Back to the Drawing Board: Revisiting the Design of Optimal Location Privacy-preserving Mechanisms
This work addresses the problem of ensuring comprehensive privacy protection in location-based services for users, highlighting that current optimal mechanisms are insufficient and incremental improvements are needed.
The paper revisits optimal location privacy-preserving mechanisms, showing that while existing strategies maximize adversary error, they vary in other privacy dimensions, and proposes a new mechanism maximizing conditional entropy while maintaining optimal adversary error, with empirical validation on real datasets.
In the last years we have witnessed the appearance of a variety of strategies to design optimal location privacy-preserving mechanisms, in terms of maximizing the adversary's expected error with respect to the users' whereabouts. In this work, we take a closer look at the defenses created by these strategies and show that, even though they are indeed optimal in terms of adversary's correctness, not all of them offer the same protection when looking at other dimensions of privacy.
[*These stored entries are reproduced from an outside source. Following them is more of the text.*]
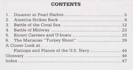Year: 1991 Language: English Author: Wallace B. Black, Jean F. Blashfield Genre: History Publisher: Crestwood House Edition: World War II 50th Anniversary Series Format: PDF Quality: Scanned pages Pages count: 56 Description: An account of aircraft carrier activity during World War II, focusing on the battles of the Coral Sea, Midway, and the Marianas.
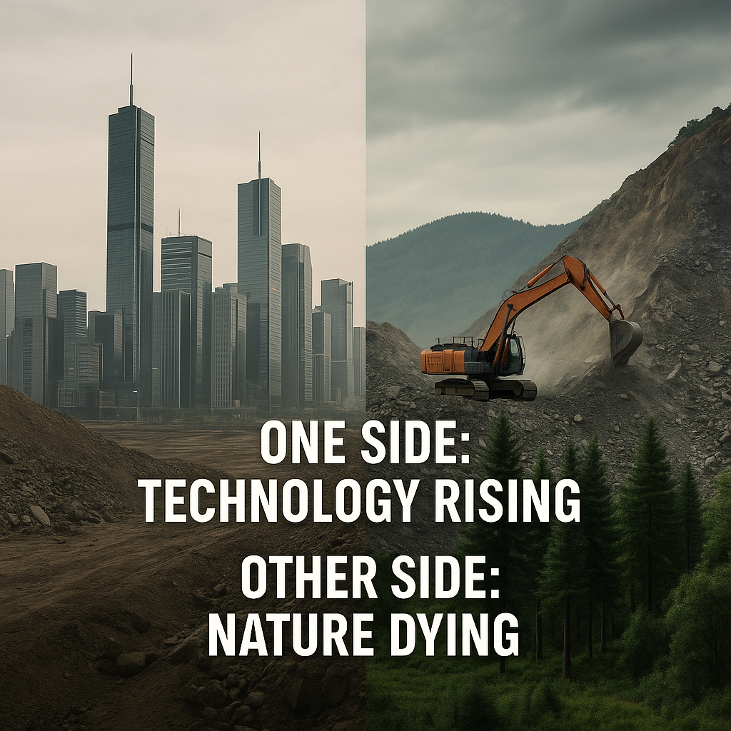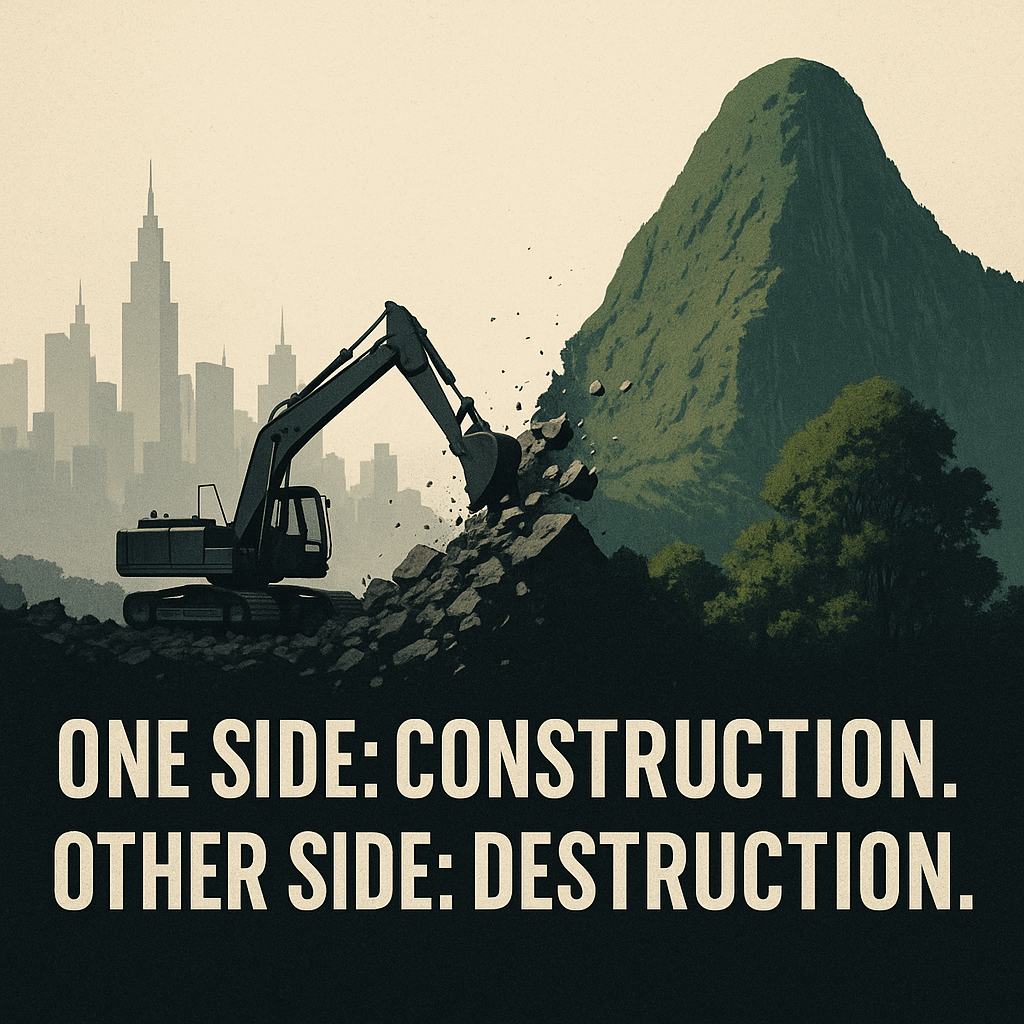 One side: Construction. Other side: Destruction. We build cities with pride, but destroy mountains without a second thought. We call it development, but whatโs actually growing? Mountains are being ground into M-sand as if theyโll rise again. But t
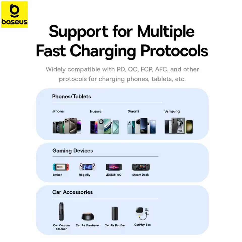 پروتکلهای شارژ سریع پشتیبانی شده: تحویل برق (PD)، شارژ سریع (QC) 4.0/3.0، منبع تغذیه قابل برنامهریزی (PPS)، پروتکل سوپرشارژ (SCP) و شارژ سریع تطبیقی (AFC).
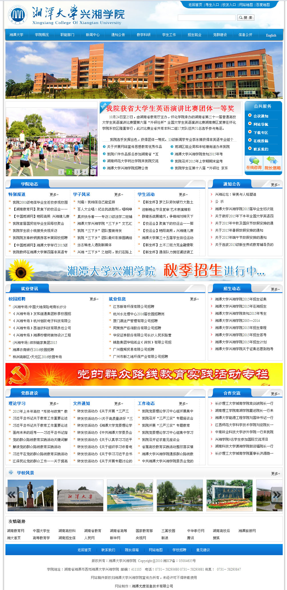 此網(wǎng)站是專為湘潭大學(xué)興湘學(xué)院設(shè)計(jì)的營(yíng)銷型網(wǎng)站,網(wǎng)站以藍(lán)色為主,采用營(yíng)銷型標(biāo)準(zhǔn)定制,突出了學(xué)校的重點(diǎn)欄目。網(wǎng)站欄目清晰大方,為湘潭大學(xué)興湘學(xué)院獲得了優(yōu)秀教育網(wǎng)站二等獎(jiǎng)。
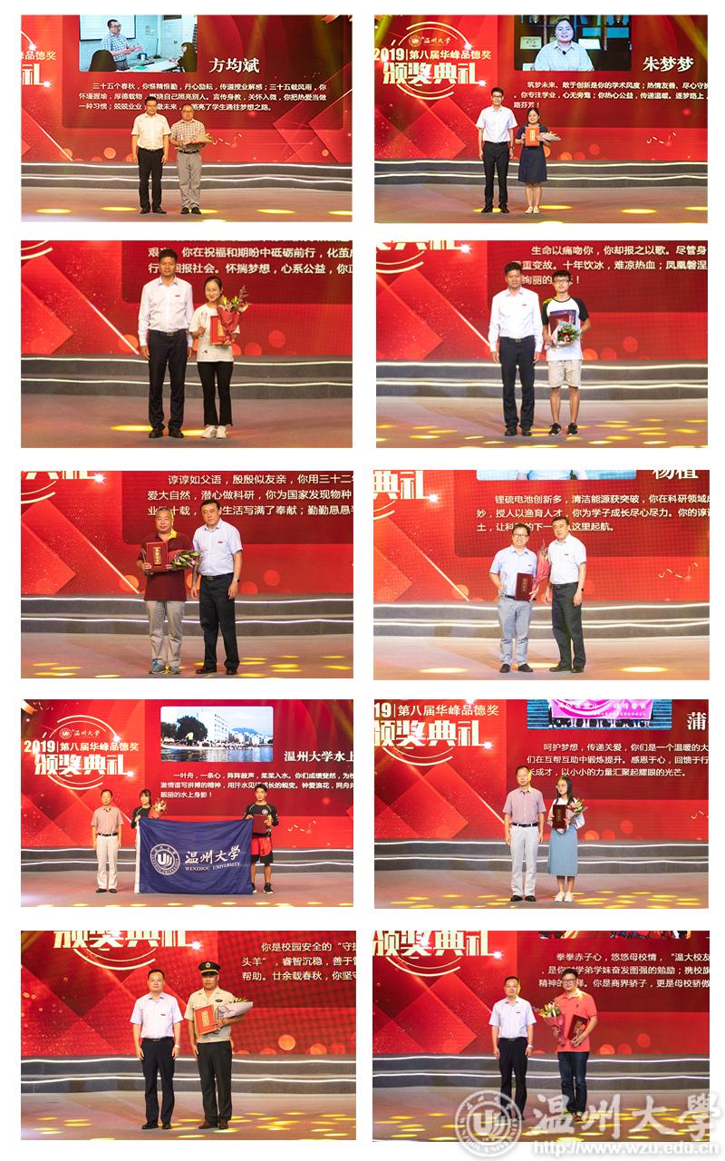 大会还共同分享了“第八届华峰品德奖”获得者的先进事迹。一群出身不同、经历各异的“sunbet申愽人”,共同登上了领奖的舞台。他们分别是方均斌、朱梦梦、雷可宜、赵长丰、张永普、杨植、sunbet申愽官网水上运动队、蒲公英成长社、唐虎彪、王仲辉。这十位楷模中,有兢兢业业、爱岗敬业的教职员工,有品学兼优、自强不息的学子,有心系母校、时刻不忘传扬母校精神的优秀校友,有热心公益、传递关爱的志愿者团体,有激情拼搏、为校争光的运动队团体……他们在平凡中默默奉献、于无声处创造闪光价值,是学校践行社会主义核心价值观的旗手,激发出催人上进的道德力量,是当代sunbet申愽最可爱的人!

To avoid "bad" choices, we argue that the search for optimal mechanisms must be guided by complementary criteria. We provide two example auxiliary metrics that help in this regard: the conditional entropy, that captures an information-theoretic aspect of the problem; and the worst-case quality loss, that ensures that the output of the mechanism always provides a minimum utility to the users. We describe a new mechanism that maximizes the conditional entropy and is optimal in terms of average adversary error, and compare its performance with previously proposed optimal mechanisms using two real datasets. Our empirical results confirm that no mechanism fares well on every privacy criteria simultaneously, making apparent the need for considering multiple privacy dimensions to have a good understanding of the privacy protection a mechanism provides.